- [EXERCISE]: The material below holds the lines to copy: from the one with "生科院采取这种人性化的做法,主要是为了使" up to and including the one with "新規(guī)要求,申請(q". Copy them exactly and skip the pictures.
Segment Start: THE INPUT
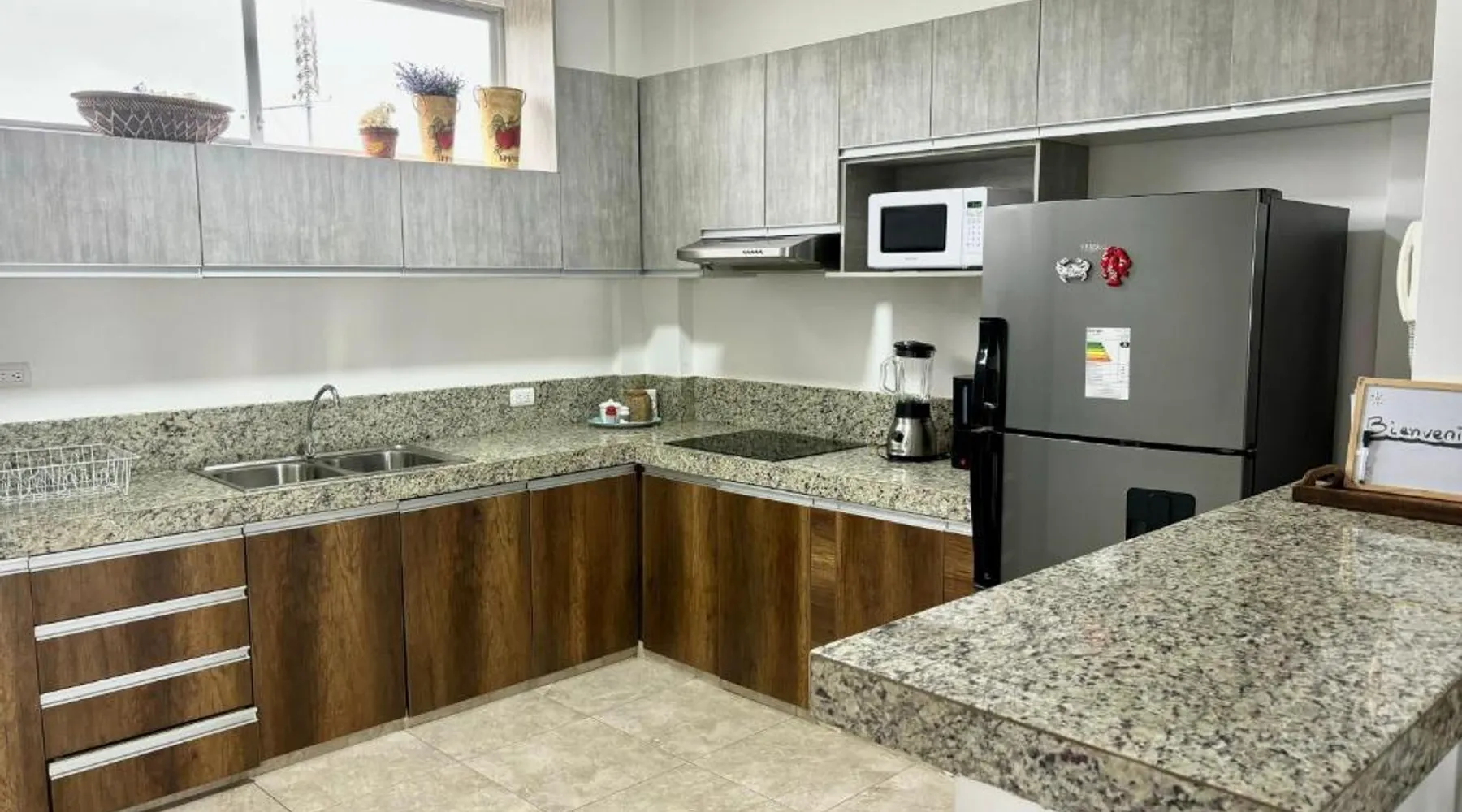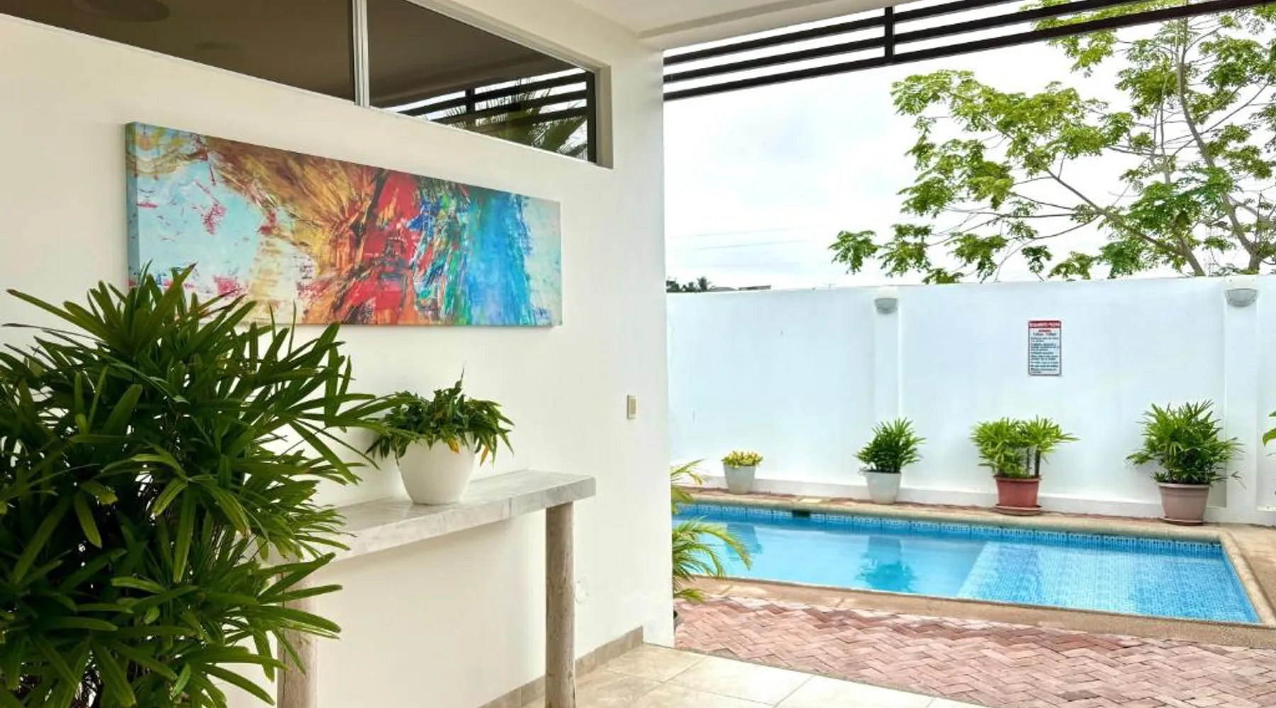 Comfortable Living Space: Las Casitas en Santa Elena in Santa Elena offers a one-bedroom apartment with a balcony and garden views. The property includes a kitchenette, air-conditioning, and a private pool. Modern Amenities: Guests enjoy free WiFi, a fully equipped kitchen, and a TV. The apartment features a private bathroom with a shower. Convenient Location: Located a few steps from Punta Blanca Beach, the apartment is 84 mi from José Joaquín de Olmedo International Airport. Reception staff speak English and Spanish. The private pool is the standout feature of this apartment. The apartment's kitchen is available for cooking and storing food. Boasting a balcony with garden views, this apartment also features air conditioning and a flat-screen TV. The unit has 2 beds.
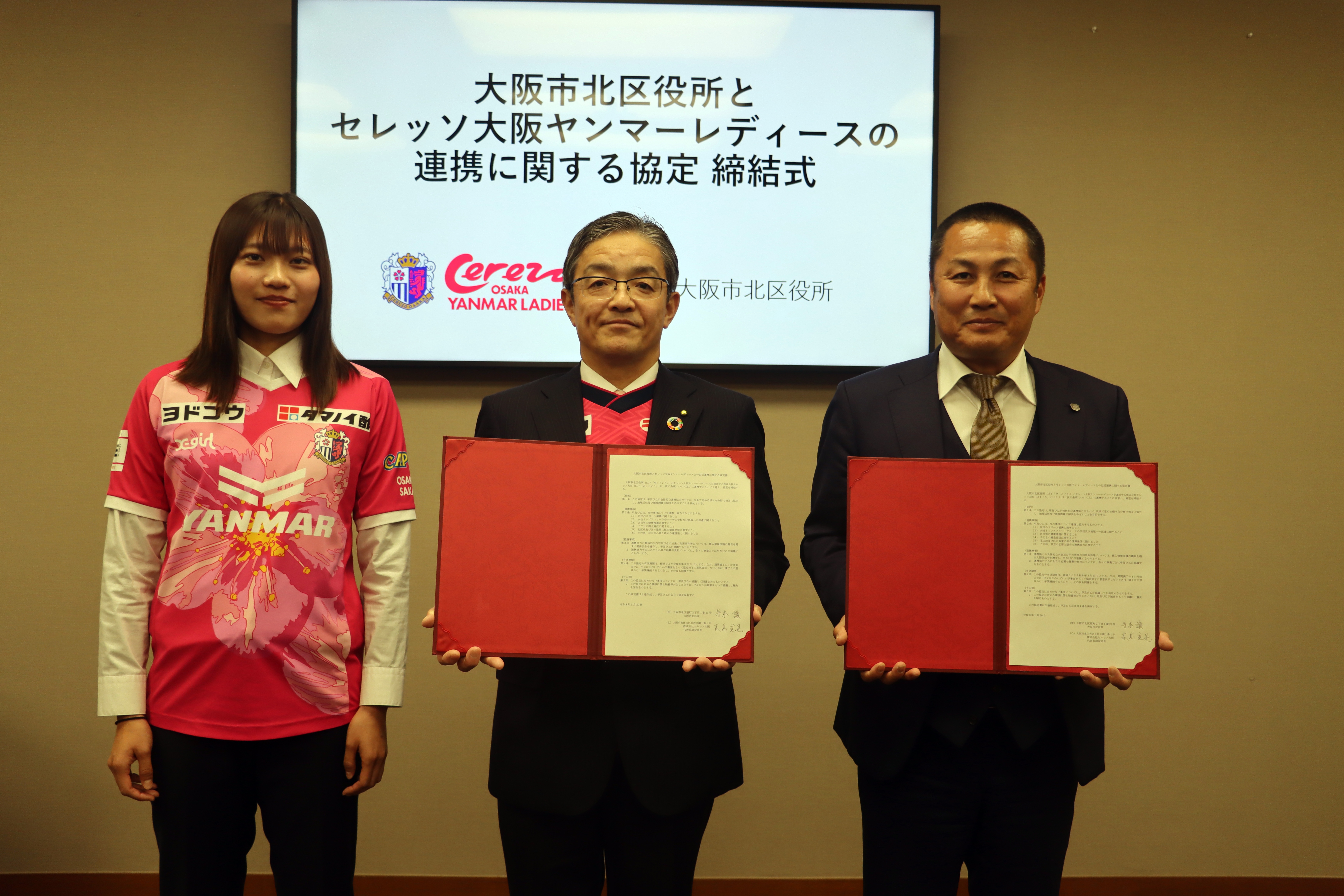 1/20(火)大阪市北区とセレッソ大阪ヤンマーレディースの連携協定締結式を実施いたしました。
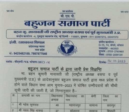 बसपा ने जारी की मध्य प्रदेश विधानसभा प्रत्याशियों की चौथी सूची देवतालाब से अमरनाथ पटेल को बनाया प्रत्याशी ।। कुंडेश्वर टाइम्स ब्यूरो प्रमोद सिंह...
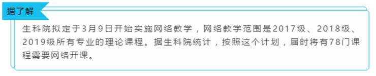 生科院采取这种人性化的做法,主要是为了使学生学习效果优先的原则能够落地。等3月9日这个时间到了,网络教学开始了,学院将密切观察,研究解决可能出现的问题。
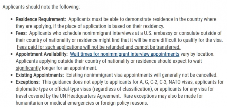 新規(guī)要求,申請(qǐng)人必須回到自己的母國(guó),或至少在自己合法長(zhǎng)期居住的國(guó)家完成簽證面談。換句話說(shuō),如果一個(gè)人在某地只是短期逗留、沒(méi)有居留身份,即便當(dāng)?shù)氐拿绹?guó)使領(lǐng)館有空檔,也不能再輕松預(yù)約。
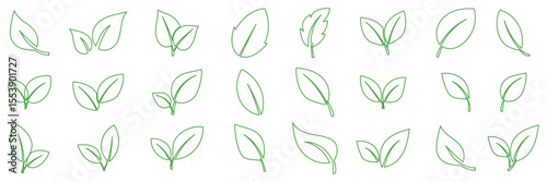 leaf line icon set. Leaf line icons. Vector illustration include icon botany, herbal, ecology, bio, organic, vegetarian, eco, fresh, nature outline pictogram for flora. EPS 10.
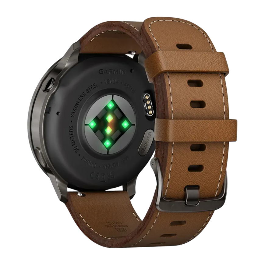 Garmin Venu 4 (45 мм) оснащены великолепным AMOLED-дисплеем диагональю 1,4 дюйма с разрешением 454x454 пикселя. Экран выдаёт сочную и чёткую картинку. Яркости дисплея достаточно для того, чтобы оставаться читаемым при ярком солнечном свете, что критически важно во время тренировок на открытом воздухе. Безель и корпус часов изготовлены из качественной стали, которая не только придаёт девайсу прочности, но и добавляет стиля. Экран часов прикрыт закалённым стеклом Corning Gorilla Glass 3. При этом Garmin Venu 4 не кричат всем своим видом, что они ориентированы на спорт. Элегантный дизайн часов позволяет носить их не только в спортзал, но и в офис или на деловую встречу.
Segment End: THE INPUT
- [SOLUTION TO THE EXERCISE]:
 生科院采取这种人性化的做法,主要是为了使学生学习效果优先的原则能够落地。等3月9日这个时间到了,网络教学开始了,学院将密切观察,研究解决可能出现的问题。
 新規(guī)要求,申請(qǐng)人必須回到自己的母國(guó),或至少在自己合法長(zhǎng)期居住的國(guó)家完成簽證面談。換句話說(shuō),如果一個(gè)人在某地只是短期逗留、沒(méi)有居留身份,即便當(dāng)?shù)氐拿绹?guó)使領(lǐng)館有空檔,也不能再輕松預(yù)約。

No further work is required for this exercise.